World Bank projects global economy to shrink by 5.2 pct in 2020

2020-06-09 Xinhua Editor:Wang Fan

The global economy is on track to shrink by 5.2 percent this year amid the COVID-19 pandemic, the deepest recession since the Second World War, the World Bank Group said in its latest Global Economic Prospects released Monday.

Economic activity in advanced economies is anticipated to contract 7 percent in 2020 as domestic demand and supply, trade, and finance have been severely disrupted, the report said. The U.S. economy is projected to shrink by 6.1 percent this year, while Euro Area could see a 9.1-percent contraction.

Emerging market and developing economies (EMDEs), meanwhile, are expected to contract by 2.5 percent this year, "their first contraction as a group in at least sixty years," according to the report. The economic activity in Latin America and the Caribbean, in particular, could plunge by 7.2 percent in 2020.

Growth in East Asia and Pacific is projected to fall to 0.5 percent in 2020, the only region that could see growth this year, the report said.

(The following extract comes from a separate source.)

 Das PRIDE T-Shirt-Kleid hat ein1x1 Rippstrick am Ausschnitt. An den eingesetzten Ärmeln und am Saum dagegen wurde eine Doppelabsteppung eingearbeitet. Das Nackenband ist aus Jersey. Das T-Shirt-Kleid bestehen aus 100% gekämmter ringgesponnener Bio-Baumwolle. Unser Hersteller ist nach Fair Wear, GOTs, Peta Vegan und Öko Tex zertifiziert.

The Chinese economy is expected to grow by 1 percent this year.

Per capita incomes are expected to decline by 3.6 percent, which will tip millions of people into extreme poverty this year, the World Bank said.

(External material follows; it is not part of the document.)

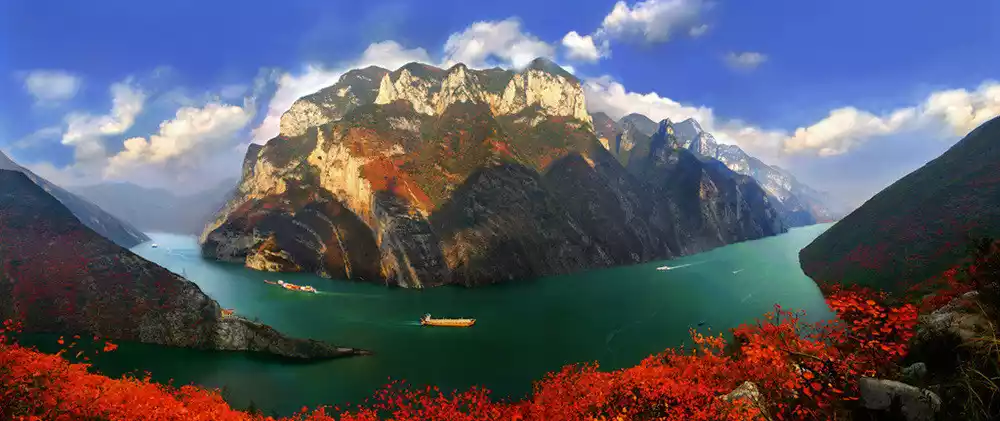 The Three Gorges Scenic Area stretches from Baidicheng in Fengjie in the west to Yichang in the east. Stunning peaks and steep cliffs stand out on both sides of the gorge. From west to east, they are Qutang Gorge, Wu Gorge, and Xiling Gorge. Each of these three gorges offers unique and distinctive scenery. In autumn, the color red dominates the Three Gorges. In autumn, the entire Yangtze River basin is blanketed in crimson foliage. Entering the mountains along the Three Gorges is like stepping into a magnificent painting of crimson leaves. The crimson leaves in the Three Gorges arrive last, but they also bloom the latest and last the longest. At the height of autumn, the banks of the gorge are ablaze with crimson, creating a spectacular spectacle.

"This is a deeply sobering outlook, with the crisis likely to leave long-lasting scars and pose major global challenges," said Ceyla Pazarbasioglu, World Bank Group vice president for Equitable Growth, Finance and Institutions.

The report also noted that the blow is hitting hardest in countries where the coronavirus epidemic has been the most severe and where there is heavy reliance on global trade, tourism, commodity exports, and external financing.

While the magnitude of disruption will vary from region to region, all EMDEs have "vulnerabilities" that are magnified by external shocks, the report said.

It added that interruptions in schooling and primary healthcare access are likely to have "lasting impacts" on human capital development.

"Our first order of business is to address the global health and economic emergency," Pazarbasioglu said. "Beyond that, the global community must unite to find ways to rebuild as robust a recovery as possible to prevent more people from falling into poverty and unemployment."

Under the baseline forecast -- which assumes that the pandemic recedes sufficiently to allow the lifting of domestic mitigation measures by mid-year in advanced economies and a bit later in EMDEs, and that adverse global spillovers ease during the second half of the year -- global growth is forecast to rebound to 4.2 percent in 2021, according to the report.

Advanced economies are expected to grow 3.9 percent next year and EMDEs could bounce back by 4.6 percent, the report showed.

However, "the outlook is highly uncertain and downside risks are predominant," including the possibility of a more protracted pandemic, financial upheaval, and retreat from global trade and supply linkages, the report noted.

A downside scenario could lead the global economy to shrink by as much as 8 percent this year, followed by a sluggish recovery in 2021 of just over 1 percent, with output in EMDEs contracting by almost 5 percent this year.

"The current episode has already seen by far the fastest and steepest downgrades in global growth forecasts on record," said World Bank Prospects Group Director Ayhan Kose. In the previous Global Economic Prospects report released in January, the multilateral lender projected global economy to grow by 2.5 percent this year.

"If the past is any guide, there may be further growth downgrades in store, implying that policymakers may need to be ready to employ additional measures to support activity," Kose said.

In the report, the World Bank also urged governments to take steps to alleviate the adverse impact of the crisis on potential output by placing a renewed emphasis on reforms that can boost long-term growth prospects.

"The pandemic has laid bare the weaknesses of national health care and social safety nets in many countries," the report noted. "It is necessary to put in place social benefit systems that can provide an effective, flexible, and efficient safety net during disasters."